=== Assignment ===
Copy the data exactly, line for line.

Items listed in a dataset
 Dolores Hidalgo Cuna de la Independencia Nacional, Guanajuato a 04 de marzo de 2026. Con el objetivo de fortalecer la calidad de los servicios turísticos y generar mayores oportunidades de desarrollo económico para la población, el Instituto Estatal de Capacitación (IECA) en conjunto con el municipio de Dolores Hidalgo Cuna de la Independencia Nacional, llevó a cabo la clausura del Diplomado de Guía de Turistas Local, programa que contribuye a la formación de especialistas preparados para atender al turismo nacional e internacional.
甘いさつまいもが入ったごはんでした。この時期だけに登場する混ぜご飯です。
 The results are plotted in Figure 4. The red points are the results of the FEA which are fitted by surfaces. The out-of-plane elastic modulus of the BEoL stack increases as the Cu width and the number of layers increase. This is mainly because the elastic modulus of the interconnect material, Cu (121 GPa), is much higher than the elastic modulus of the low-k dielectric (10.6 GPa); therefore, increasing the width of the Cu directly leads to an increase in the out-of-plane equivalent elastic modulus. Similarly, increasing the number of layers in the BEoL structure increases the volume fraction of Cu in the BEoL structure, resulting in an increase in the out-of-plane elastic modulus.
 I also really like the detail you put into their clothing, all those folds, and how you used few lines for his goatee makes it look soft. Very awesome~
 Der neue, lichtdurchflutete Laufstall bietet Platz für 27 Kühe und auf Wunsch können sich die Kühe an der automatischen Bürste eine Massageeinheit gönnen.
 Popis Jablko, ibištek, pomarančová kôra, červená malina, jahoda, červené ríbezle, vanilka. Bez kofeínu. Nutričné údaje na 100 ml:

=== Finished task ===
 Dolores Hidalgo Cuna de la Independencia Nacional, Guanajuato a 04 de marzo de 2026. Con el objetivo de fortalecer la calidad de los servicios turísticos y generar mayores oportunidades de desarrollo económico para la población, el Instituto Estatal de Capacitación (IECA) en conjunto con el municipio de Dolores Hidalgo Cuna de la Independencia Nacional, llevó a cabo la clausura del Diplomado de Guía de Turistas Local, programa que contribuye a la formación de especialistas preparados para atender al turismo nacional e internacional.
甘いさつまいもが入ったごはんでした。この時期だけに登場する混ぜご飯です。
 The results are plotted in Figure 4. The red points are the results of the FEA which are fitted by surfaces. The out-of-plane elastic modulus of the BEoL stack increases as the Cu width and the number of layers increase. This is mainly because the elastic modulus of the interconnect material, Cu (121 GPa), is much higher than the elastic modulus of the low-k dielectric (10.6 GPa); therefore, increasing the width of the Cu directly leads to an increase in the out-of-plane equivalent elastic modulus. Similarly, increasing the number of layers in the BEoL structure increases the volume fraction of Cu in the BEoL structure, resulting in an increase in the out-of-plane elastic modulus.
 I also really like the detail you put into their clothing, all those folds, and how you used few lines for his goatee makes it look soft. Very awesome~
 Der neue, lichtdurchflutete Laufstall bietet Platz für 27 Kühe und auf Wunsch können sich die Kühe an der automatischen Bürste eine Massageeinheit gönnen.
 Popis Jablko, ibištek, pomarančová kôra, červená malina, jahoda, červené ríbezle, vanilka. Bez kofeínu. Nutričné údaje na 100 ml:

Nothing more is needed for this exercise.